Unique double-helical packing of protein molecules in the crystal of potassium-independent L-asparaginase from common bean.

Abstract

Common bean (Phaseolus vulgaris) encodes three class 2 L-asparaginase enzymes: two potassium-dependent enzymes [PvAIII(K)-1 and PvAIII(K)-2] and a potassium-independent enzyme (PvAIII). Here, we present the crystal structure of PvAIII, which displays a rare P2 space-group symmetry and a unique pseudosymmetric 41-like double-helical packing. The asymmetric unit contains 32 protein chains (16 αβ units labeled A-P) organized into two right-handed coiled arrangements, each consisting of four PvAIII (αβ)2 dimers. Detailed analysis of the crystal structure revealed that this unusual packing originates from three factors: (i) the ability of the PvAIII molecules to form extended intermolecular β-sheets, a feature enabled by the PvAIII sequence and secondary structure, (ii) incomplete degradation of the flexible linker remaining at the C-terminus of α subunits of protein chain C after the autoproteolytic cleavage (maturation) of the PvAIII precursor and (iii) intermolecular entanglement between protein chains from the two helices to create `hydrogen-bond linchpins' that connect adjacent protein chains.
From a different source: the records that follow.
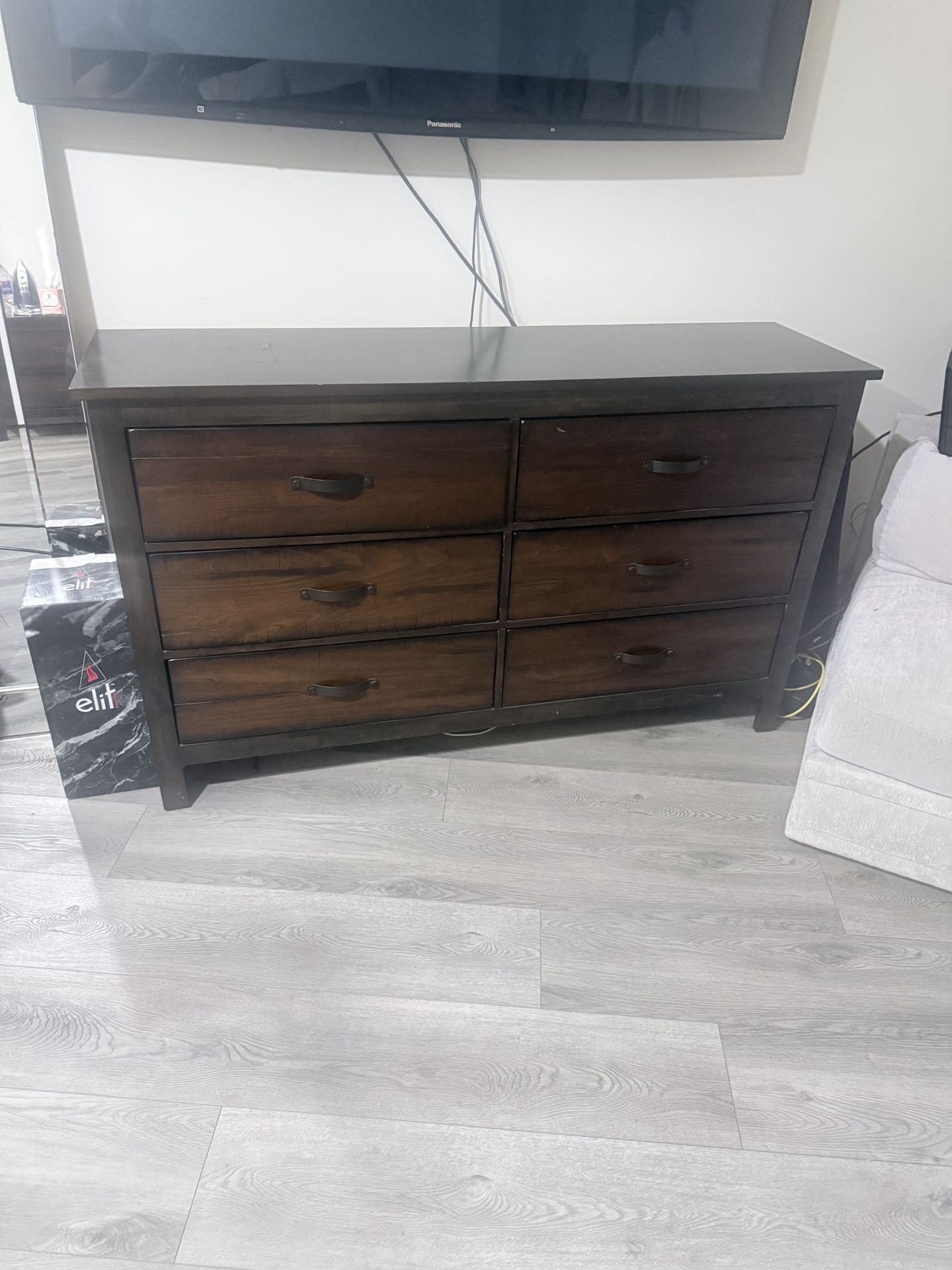 Beautiful dark wood Cal King bedroom set including: • California King bed frame (headboard and platform base) • 6-drawer dresser • Tall chest of drawers • Two matching nightstands Excellent overall condition. Minor cosmetic wear includes fine surface scratches on one nightstand and one cabinet drawer that needs minor repair. Mattress and box spring NOT included. : Margo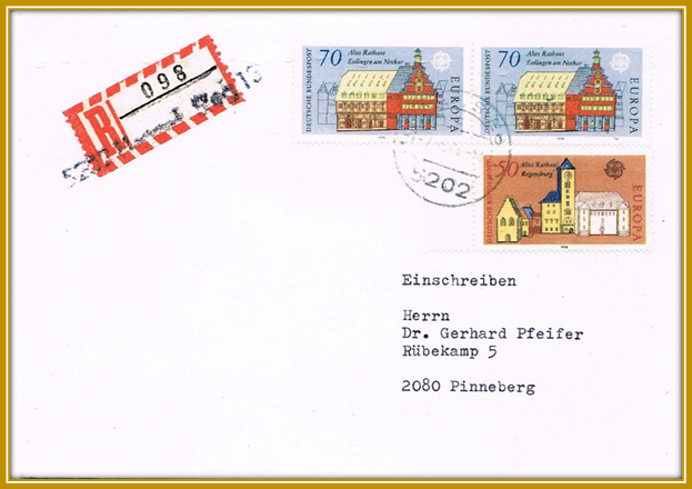 1978: 1. Juli, Einschreiben-Brief von Stossdorf nach Pinneberg, portogerecht 1,90 DM, Kreisstempel: “5202 HENNEF (SIEG) 13", Handstempel: “5202 Hennef, Sieg 13"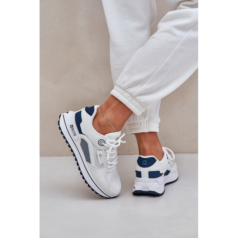 Moteriški sportiniai bateliai iš Big Star prekės ženklo yra puikus stiliaus ir funkcionalumo derinys. Pagaminti iš ekologiškos odos ir tekstilės medžiagos, jie užtikrina patvarumą ir komfortą. Įmontuoti ant platformos, jie suteikia siluetui lengvumo, tuo pačiu užtikrindami stabilumą. HI-POLLY SYSTEM padas, pagamintas iš perdirbtų medžiagų, siūlo didelį atsparumą dilimui ir deformacijoms, efektyviai sugeria drėgmę ir užtikrina puikų smūgių sugertį, todėl tai yra ideali pasirinkimo galimybė aktyvioms dienoms. Renkantis dydį, vadovaukitės dydžių lentele.
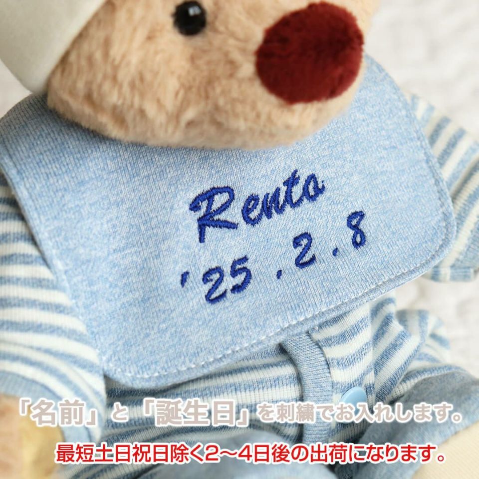 赤ちゃんの「はじめてのおともだち」お名前と誕生日入りのファーストベア 欧米では、赤ちゃんが生まれた時に贈る「ファーストベア(First Bear)」という習慣があります。 このぬいぐるみは、赤ちゃんの最初のおともだちとして、生涯にわたって大切にされる存在。 そんな素敵な習慣を、日本でも贈り物にしてみませんか? ●お名前&お誕生日を刺繍した、世界にひとつのスタイ テディベアが身につけているスタイには、お子さまのお名前とお誕生日を刺繍いたします。 ご家族が増えた記念に、心のこもった贈り物としてぴったりです。 見るたびに、あの日の感動がよみがえります。 ●こだわりのベビーロンパースセット テディベアは、新生児のような本格ロンパースセットを着用。 ・やさしい形のベビーキャップ ・小さなベビーシューズ ・丁寧に縫製されたロンパース ・お名前&誕生日入りのオリジナルスタイ 全て脱着可能で、お子様と一緒に着せ替え遊びも楽しめます。 ●表情が変わる!ふれあいベア 両手にはマグネット、ほっぺたにはメタルプレートが入っているので、 手を合わせたり、ほっぺに手を添えたり、表情豊かに遊べます。 兄弟ベアを並べて手をつなげば、もっと可愛い記念写真も撮れます♪ 出産祝い・誕生記念・ハーフバースデーにもおすすめ 初めてのぬいぐるみは、お子さまにとって特別な存在になるはず。 成長とともに思い出を刻んでいける、世界にひとつだけのファーストベアを贈ってみませんか?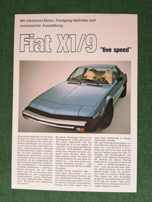 Originalni prospekt FIAT X 1/9 iz 12. mj 1978. godine, prodajem.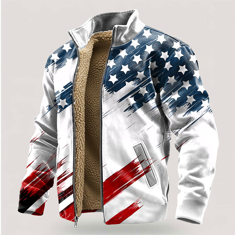 America's 250th Anniversary Men's American US Flag Fleece Jacket Sweatshirt Fashion Daily Simple Casual Stand Collar Zip Outdoor Vacation Gift Going out Blue White 1 Blue 2# White Pocket Front Zipper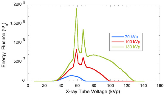 X-ray energy fluence spectra produced at 70, 100, and 130 kVp.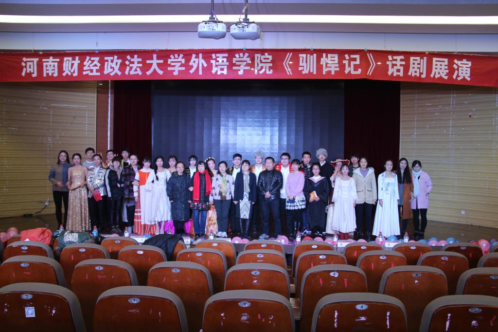 为纪念英国著名剧作家莎士比亚逝世四百周年,1月 5日晚七点,外语学院于一号教学楼 219报告厅举办大型英文话剧展演《驯悍记》,外语学院师生共计400余人到场观看。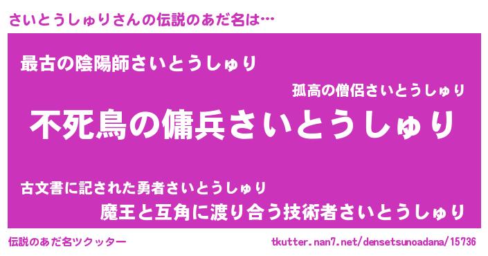 | 女子向けラノベタイトル風あだ名 | 『さいとうしゅり姫と円卓の騎士』 |

The Km value of PvAIII for L-asparagine is approximately five times higher than for β-peptides, suggesting that the physiological role of PvAIII may be more related to the removal of toxic β-peptides than to basic L-asparagine metabolism. A comparison of the active sites of PvAIII and PvAIII(K)-1 shows that the proteins have nearly identical residues in the catalytic center, except for Thr219, which is unique to PvAIII. To test whether the residue type at position 219 affects the enzymatic activity of PvAIII, we designed and produced a T219S mutant. The kinetic parameters determined for L-asparagine hydrolysis indicate that the T/S residue type at position 219 does not affect the L-asparaginase activity of PvAIII.